- What you need to do
Only the lines below from the one that holds "- 【募集中】合鴨農法で大事" through the one that holds "ELON Coin hat" should appear in the answer, copied exactly, end lines included and pictures omitted.

- Information shown
++++++++++

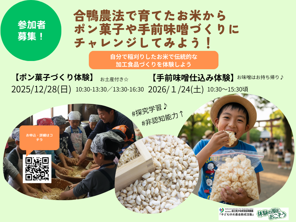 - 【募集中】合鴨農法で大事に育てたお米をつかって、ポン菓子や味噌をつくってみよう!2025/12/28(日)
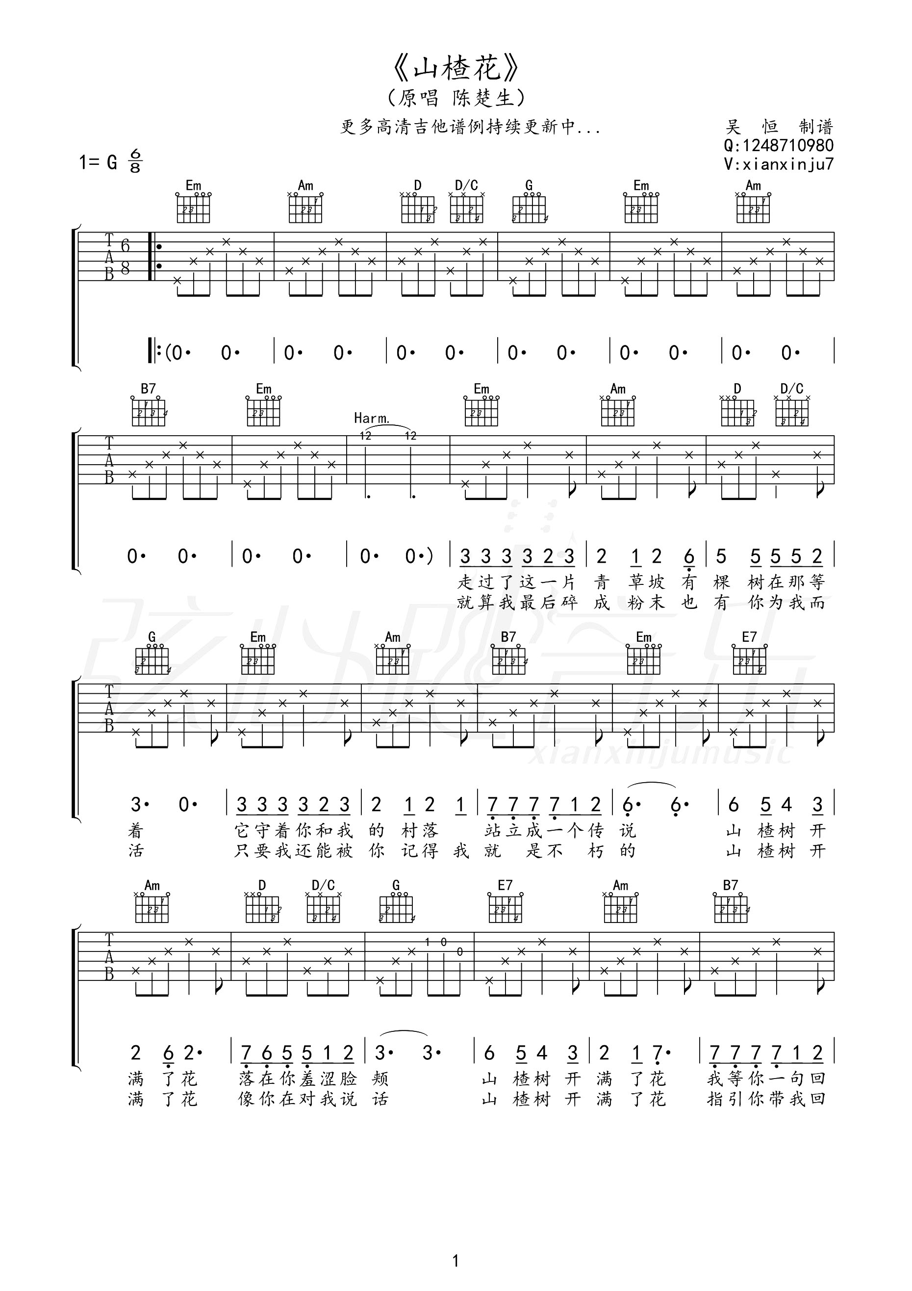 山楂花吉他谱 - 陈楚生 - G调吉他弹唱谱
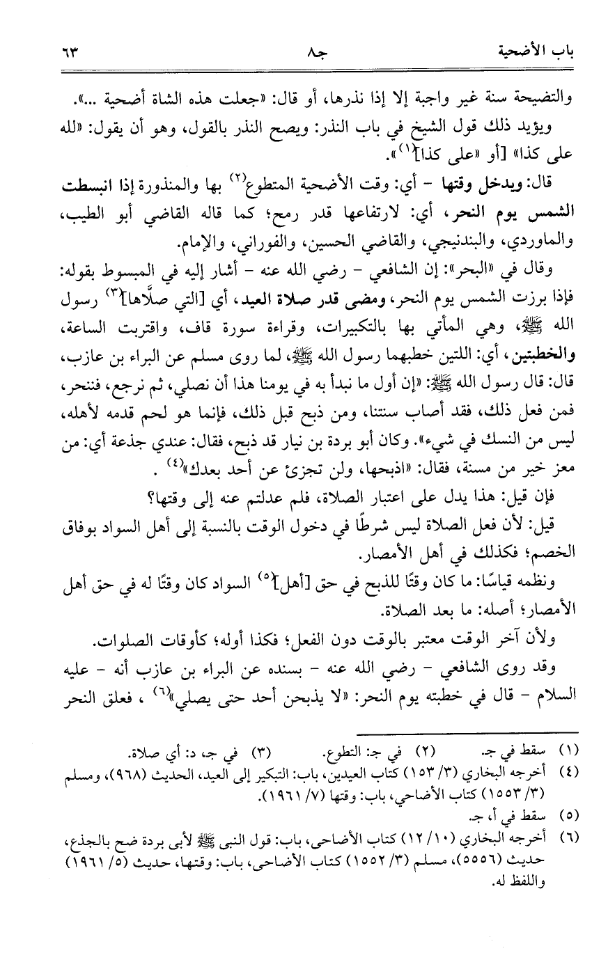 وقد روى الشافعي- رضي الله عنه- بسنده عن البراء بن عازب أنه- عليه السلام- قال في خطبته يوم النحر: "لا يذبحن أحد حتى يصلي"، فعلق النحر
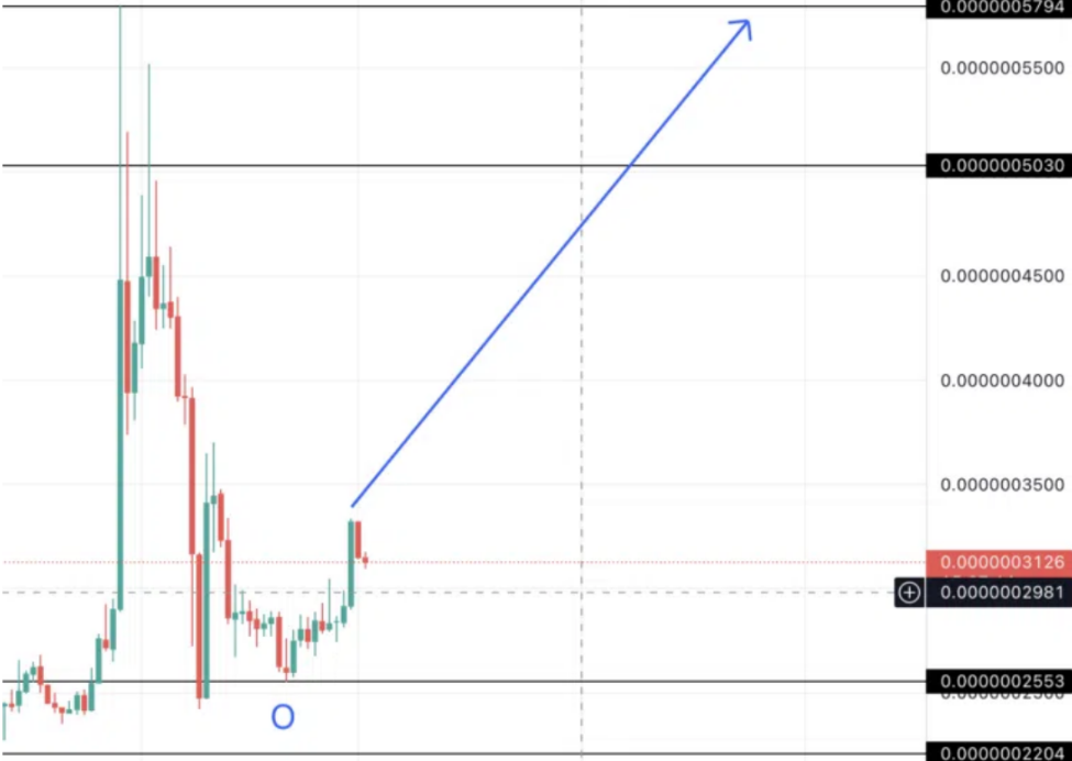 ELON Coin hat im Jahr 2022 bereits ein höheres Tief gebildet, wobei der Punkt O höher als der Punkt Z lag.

++++++++++

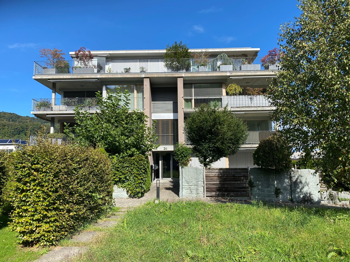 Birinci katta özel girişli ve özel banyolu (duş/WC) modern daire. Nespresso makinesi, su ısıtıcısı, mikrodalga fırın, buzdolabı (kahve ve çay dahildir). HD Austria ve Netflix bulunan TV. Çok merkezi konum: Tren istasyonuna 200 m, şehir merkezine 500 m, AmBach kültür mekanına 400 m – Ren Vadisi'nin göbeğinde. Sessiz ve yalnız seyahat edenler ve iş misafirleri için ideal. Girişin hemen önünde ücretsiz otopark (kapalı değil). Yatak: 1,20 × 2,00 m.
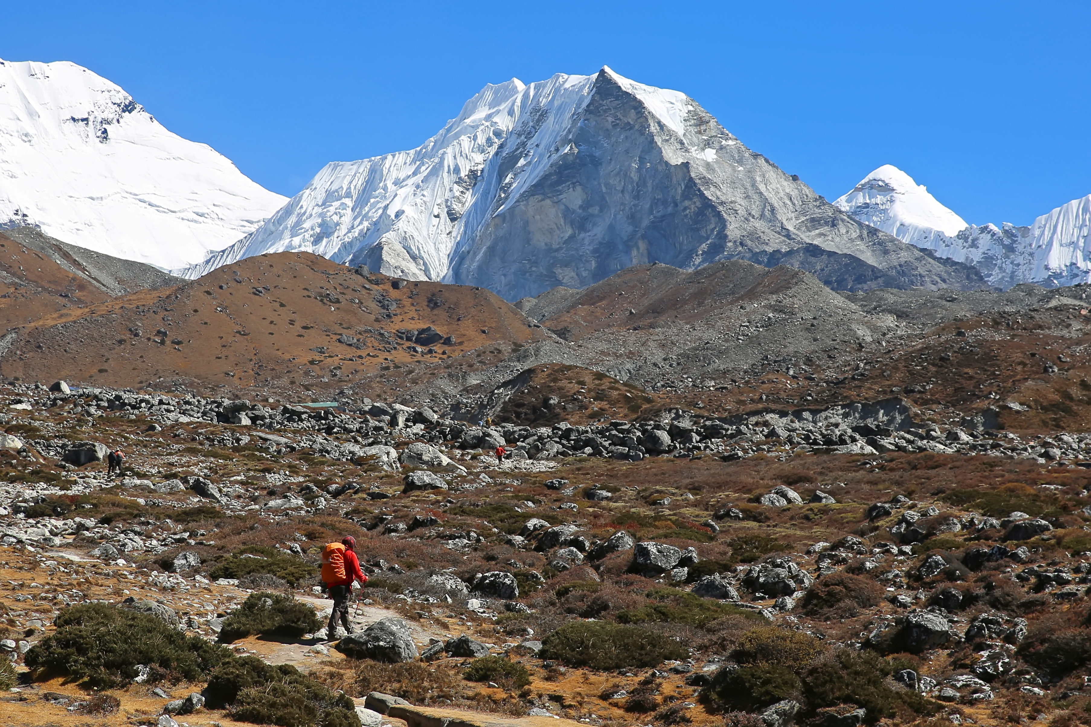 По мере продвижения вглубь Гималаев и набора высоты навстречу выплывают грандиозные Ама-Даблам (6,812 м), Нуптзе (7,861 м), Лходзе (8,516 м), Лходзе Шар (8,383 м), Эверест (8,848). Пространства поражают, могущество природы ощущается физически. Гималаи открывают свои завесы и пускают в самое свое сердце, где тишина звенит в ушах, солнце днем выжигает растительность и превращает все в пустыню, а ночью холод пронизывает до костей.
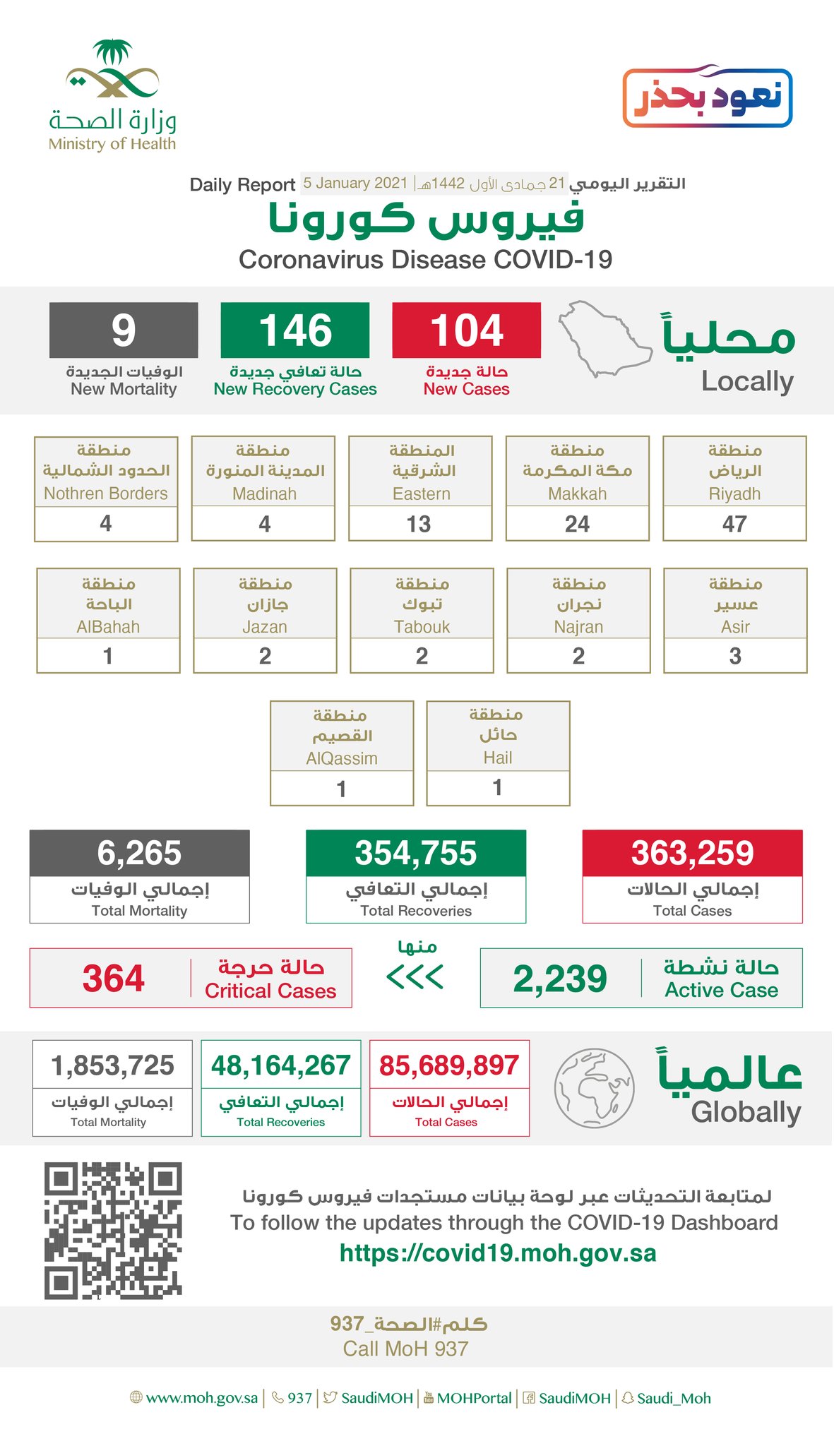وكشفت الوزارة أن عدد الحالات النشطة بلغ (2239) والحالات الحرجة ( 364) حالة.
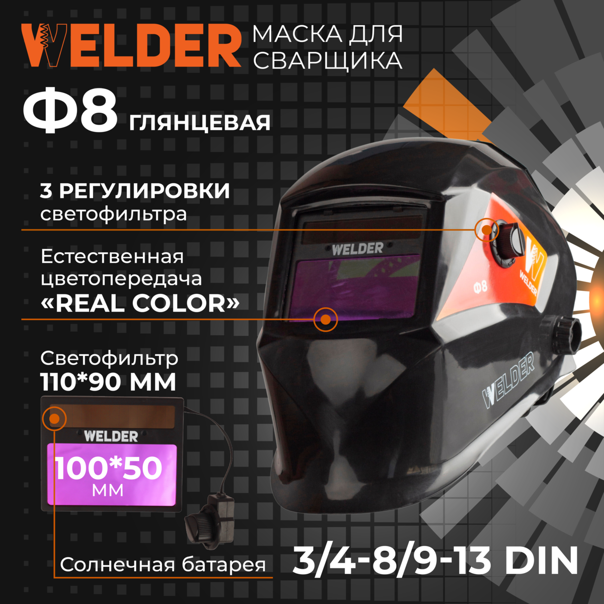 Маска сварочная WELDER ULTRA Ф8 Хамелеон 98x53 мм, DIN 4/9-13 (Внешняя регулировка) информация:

++++++++++

- Answer section
 - 【募集中】合鴨農法で大事に育てたお米をつかって、ポン菓子や味噌をつくってみよう!2025/12/28(日)
 山楂花吉他谱 - 陈楚生 - G调吉他弹唱谱
 وقد روى الشافعي- رضي الله عنه- بسنده عن البراء بن عازب أنه- عليه السلام- قال في خطبته يوم النحر: "لا يذبحن أحد حتى يصلي"، فعلق النحر
 ELON Coin hat im Jahr 2022 bereits ein höheres Tief gebildet, wobei der Punkt O höher als der Punkt Z lag.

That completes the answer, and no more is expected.